Before the Civil War cotton bags were used to ship flour and grain. With the scarcity of cotton caused by the war, New York traders who shipped foodstuffs down the Erie Canal sought something to replace the cotton bags.

Ten years earlier, in 1852, Francis Walle of Bethlehem, Pennsylvania, had patented a machine that cut the paper, folded it and pasted it with flour paste to make a bag. When cotton became almost non-existent, other paper bag machinery was invented. Someone decided that paper bags were a good place for advertisements.

Store counters were boards usually extended well out in front. This was so that women wearing hoop skirts could shop in comfort. In 1879 counters with refrigerators underneath came into vogue.

As more goods came on the market, competition among wholesalers grew keener. Suppliers began to give storekeepers all kinds of fancy fixtures printed with their advertising. An iron flag holder to hang from the ceiling advertised Day’s Soap.

A wooden bag rack holding a dozen different sizes of paper bags called attention to a specific wholesaler.

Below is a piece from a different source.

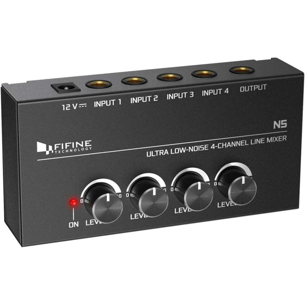 Score big on FIFINE Ultra Low-Noise 4-Channel Line Mixer for Sub-Mixing,4 Stereo Channel Mini Audio Mixer with AC adapter.Ideal for Small Club or Bar. As Microphones,Guitars,Bass,Keyboards or Stage Sub Mixer-N5 and accessories during our BOGO sale. Buy one, get one 50% off!

Mustard maker Mulford gave away an eight-day clock, as did the makers of Non Such Mincemeat. Some companies gave showcases to house their products, such as thread.

The storekeeper accepted all promotional tokens gratefully and hung them on his crowded walls or set them on his cluttered counter. While the general effect was one of added confusion, at least the storekeeper could easily read the time and temperature and knew where to find certain things, such as a spool of thread or a cigar.

Today we find old general stores mainly in museums. However, there are still some general stores around in rural areas and they are fun just to visit. Personally, I love to grocery shop and have been known to spend twice as much time as necessary doing so. I used to enjoy reading the various recipes on the canned goods and boxes of pasta.

Now all of those can easily be found on the Internet. But it was so much fun getting all of this knowledge by visiting the general store full of anything including the kitchen sink. Best of all, I would be surrounded by neighbors and local acquaintances.